Question

Every stochastic \(n \times n\) matrix corresponds to a Markov chain for which it is the one-step transition matrix. (By "Stochastie matrix" we mean \(\mathbf{P}=\| P_{y}\) with \(0 \leq P_{i j} \leq 1\) and \(\sum_{j} P_{i j}=1 .\) ) However, not every stochastic \(n \times n\) matrix is the two-step transition matrix of a Markov chain. In particular, show that a \(2 \times 2\) stochastic matrix is the two-step transition matrix of a Markov chain if and only if the sum of its principal diagonal terms is greater than or equal to \(1 .\)

Short answer

In summary, a \(2 \times 2\) stochastic matrix \(\mathbf{A}\) is the two-step transition matrix of a Markov chain if and only if the sum of its principal diagonal terms is greater than or equal to 1, i.e., \(p+s \geq 1\). We showed this by proving the condition in both directions: (1) If the sum of the diagonal terms is greater than or equal to 1, there exists a matrix \(\mathbf{P}\) that satisfies the required system of equations, and (2) if there exists a matrix \(\mathbf{P}\) satisfying the system of equations, the sum of the diagonal terms of \(\mathbf{A}\) must be greater than or equal to 1.

Step-by-step solution

Understanding the condition

We are given a condition: A 2x2 stochastic matrix is the two-step transition matrix of a Markov chain if and only if the sum of its principal diagonal terms is greater than or equal to 1. So, given a 2x2 stochastic matrix of the form: \(\mathbf{A} = \begin{pmatrix} p & q \\ r & s \end{pmatrix}\), we want to find a 2x2 stochastic matrix \(\mathbf{P}\) \(\mathbf{P} = \begin{pmatrix} a & b \\ c & d \end{pmatrix}\) such that \(\mathbf{P}^2 = \mathbf{A}\), and show that this is possible if and only if \(p+s \geq 1\).

Finding the two-step transition matrix

By definition, a two-step transition matrix is the square of the one-step transition matrix. Hence, we have: \(\mathbf{P}^2 = \mathbf{P} \cdot \mathbf{P} = \begin{pmatrix} a^2 + b \cdot c & a \cdot b + b \cdot d \\ a \cdot c + c \cdot d & c^2 + d \cdot b \end{pmatrix} = \begin{pmatrix} p & q \\ r & s \end{pmatrix} = \mathbf{A}\) By comparing both sides of the equation, we get the following system of equations: 1. \(a^2 + b \cdot c = p\) 2. \(a \cdot b + b \cdot d = q\) 3. \(a \cdot c + c \cdot d = r\) 4. \(c^2 + d \cdot b = s\)

Proving the condition

(1) First, assume that the sum of the diagonal terms of \(\mathbf{A}\) is greater than or equal to 1. That is: \(p + s \geq 1\) Now, we want to show that there exists a matrix \(\mathbf{P}\) such that it satisfies the system of equations from step 2. From the system of equations, we see that: \(p + s = a^2 + b \cdot c + c^2 + d \cdot b\) Since \(p+s \geq 1\), we have: \(a^2 + b \cdot c + c^2 + d \cdot b \geq 1\) By the Cauchy-Schwarz inequality: \((a^2 + c^2)(1 + 1) \geq (b \cdot c + d \cdot b)^2\) This shows that there exists a 2x2 stochastic matrix \(\mathbf{P}\) that satisfies the system of equations when \(p+s \geq 1\). (2) Next, let's assume there exists a 2x2 stochastic matrix \(\mathbf{P}\), which satisfies the system of equations.
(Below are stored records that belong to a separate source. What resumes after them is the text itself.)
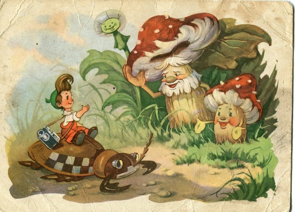 "Приключения Мурзилки" Почтовая карточка серии "Из советских мультфильмов". Издание Министерства связи СССР. 1961 г. Цена художественной карточки с маркой 4 коп. Художник И.В. Знаменский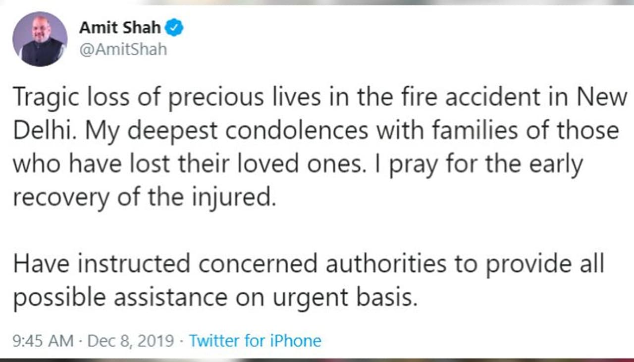 টুইট করে শোক প্রকাশ করেছেন কেন্দ্রীয় স্বরাষ্ট্রমন্ত্রী অমিত শাহ-ও। তিনি বলেছেন, 'নয়াদিল্লির অগ্নিকাণ্ডে মূল্যবান প্রাণ যাওয়াটা অত্যন্ত দুঃখজনক। স্বজনহারা হলেন যাঁরা তাঁদের প্রতি গভীর শোকপ্রকাশ করেছি। আশা করি আহতরা দ্রুত সুস্থ হয়ে উঠবেন। কর্তৃপক্ষ যাতে সব রকম সহায়তা প্রদান করে তার জন্য নির্দেশ দেওয়া হয়েছে।'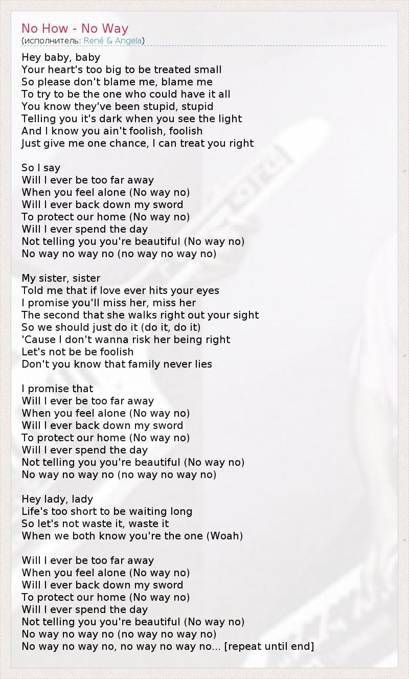 No way no way no, no way no way no... [repeat until end]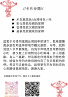 這套卡片的分類,Sangeeta特別選用台灣的中部城市,藉此,希望讓更多朋友知道中部城市觀光景點,同時,Sangeeta特別放入米血糕菜色,因為米血糕是台灣特別的小吃,屢次登上台灣特別小吃報導,有人很喜歡、有人不喜歡,但這都是台灣獨有的特色食物,就像台灣的大地母親包容了多元族群的我們。希望用這套作品,啟發更多朋友用包容的心來關懷偏鄉地區。謝謝大家。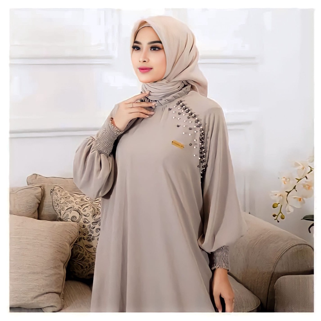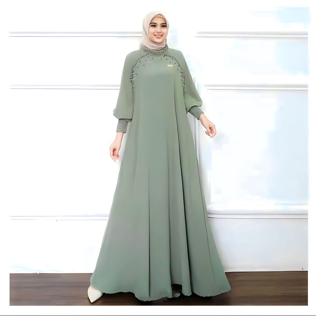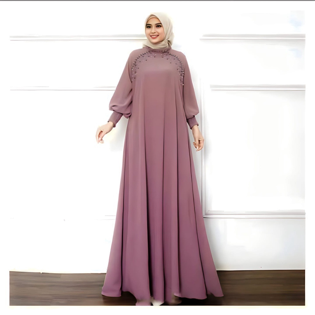 Outfit - Olivia Dress Maxy Pearls Plained Crinkle Airflow Premium Gamis Gaun Kondangan Wanita Kekinian Terbaru

We want to show that the sum of the diagonal terms of \(\mathbf{A}\) is greater than or equal to 1. Using the first and fourth equations from the system of equations: \(p + s = a^2 + b \cdot c + c^2 + d \cdot b\) Since \(\mathbf{P}\) is a stochastic matrix: \(a+c = 1\) and \(b+d = 1\) By squaring these equalities, we get: \((a+c)^2 = a^2 + c^2 + 2 \cdot a \cdot c = 1\) \((b+d)^2 = b^2 + d^2 + 2 \cdot b \cdot d = 1\) Adding the first and second equations, we obtain: \[(p+s) = (a^2 + b \cdot c + c^2 + d \cdot b) \geq (\frac{a^2 + c^2}{2} + \frac{b^2 + d^2}{2}) \geq \frac{1}{2} + \frac{1}{2} = 1\] Thus, we've shown that if there exists a matrix \(\mathbf{P}\) such that its square results in \(\mathbf{A}\), then the sum of the principal diagonal terms of \(\mathbf{A}\) must be greater than or equal to 1. Therefore, a 2x2 stochastic matrix is the two-step transition matrix of a Markov chain if and only if the sum of its principal diagonal terms is greater than or equal to 1.